Tittenhurst Park

This Tittenhurst Park blog is dedicated to John Lennon's home in Sunningdale, near Ascot, Berkshire between 1969 and 1971. The aim is to gather as much material relating to the estate as possible - obviously with the emphasis on the Lennon-era, but also concerning Tittenhurst Park as it was before and after John Lennon's ownership. In addition, there will be posts about and associated with the Beatles, plus any other rubbish I feel like. The blog is purely meant for the entertainment of anyone (assuming there is actually anyone) who, like me, has an unhealthy interest in one particular Georgian mansion. Those with anything interesting to contribute in the way of links, photos, scans, stories etc. please do contact me: tittenhurstlennon@gmail.com
(Legal: this blog is strictly non-commercial. All material is the property of the photographer/artist/copyright holder concerned. Any such who wishes a picture etc to be removed should contact me and I will do so. Alternatively, if someone is happy to see their photo on here, but would like a credit/link then let me know and I'll be happy to provide one).

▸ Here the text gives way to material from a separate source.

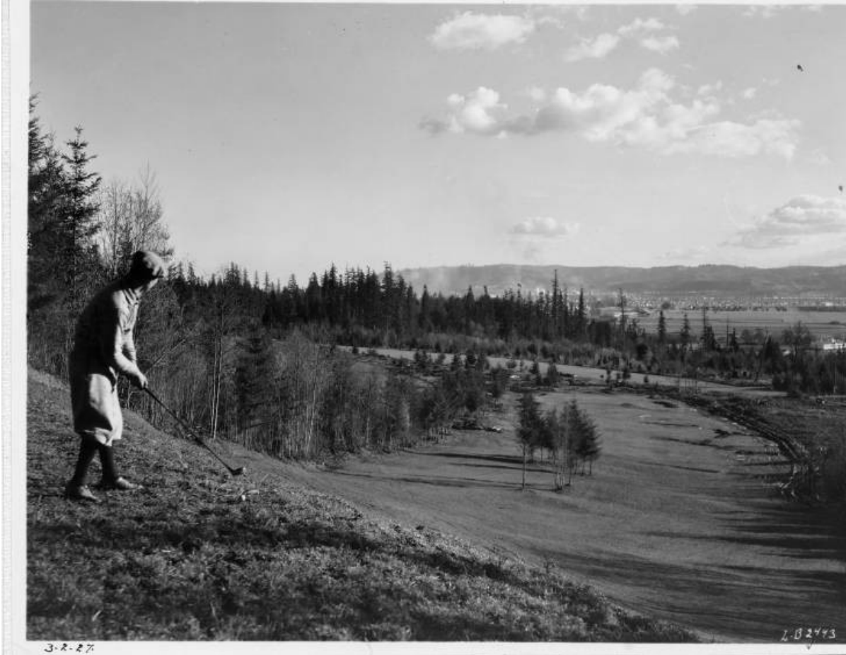
Longview Country Club par 4 - 8 th hole – 3-2-1927.

3 Days in the Life: stays in archive

Yoko Ono wins rights to footage

Yoko Ono has won a lawsuit against a group of collectors who disputed her rights to movie footage capturing intimate moments of the former Beatles legend.
A federal court in the northeastern city of Boston, Massachusetts last week ruled that Yoko Ono was the rightful copyright holder, according to her lawyer Jonathan Albano.
However he declined to say whether Ono would publicly release the documentary tapes, which includes scenes of Lennon smoking marijuana and composing.
"Our client is very happy in winning the case," Albano said.
The lawsuit dated back to last year, when World Wide Video, a consortium of collectors of Beatles memorabilia based in Massachusetts, filed a lawsuit against Ono for blocking a screening of a two-hour documentary it produced culling the rare footage.
The company had planned to show the film, titled "3 Days in the Life," in 2007, billing it as "a most intimate and no-holds-barred" look at Lennon's private life with his family and friends.
On the tapes, Lennon, who died in 1980, is also seen joking about lacing former president Richard Nixon's tea with the hallucinogenic drug LSD and composing songs like his own "Remember" and the Beatles' "Mind Games."
World Wide Video claimed it had bought the rights to the footage from Ono's previous husband, Anthony Cox, in 1970.
"Our film allows a new generation to share with those who lived through those times, a deep and penetrating look at the many sides of the man who set new standards in art, music, fashion and politics," World Wide Video executive producer Ray Thomas said in filing the lawsuit.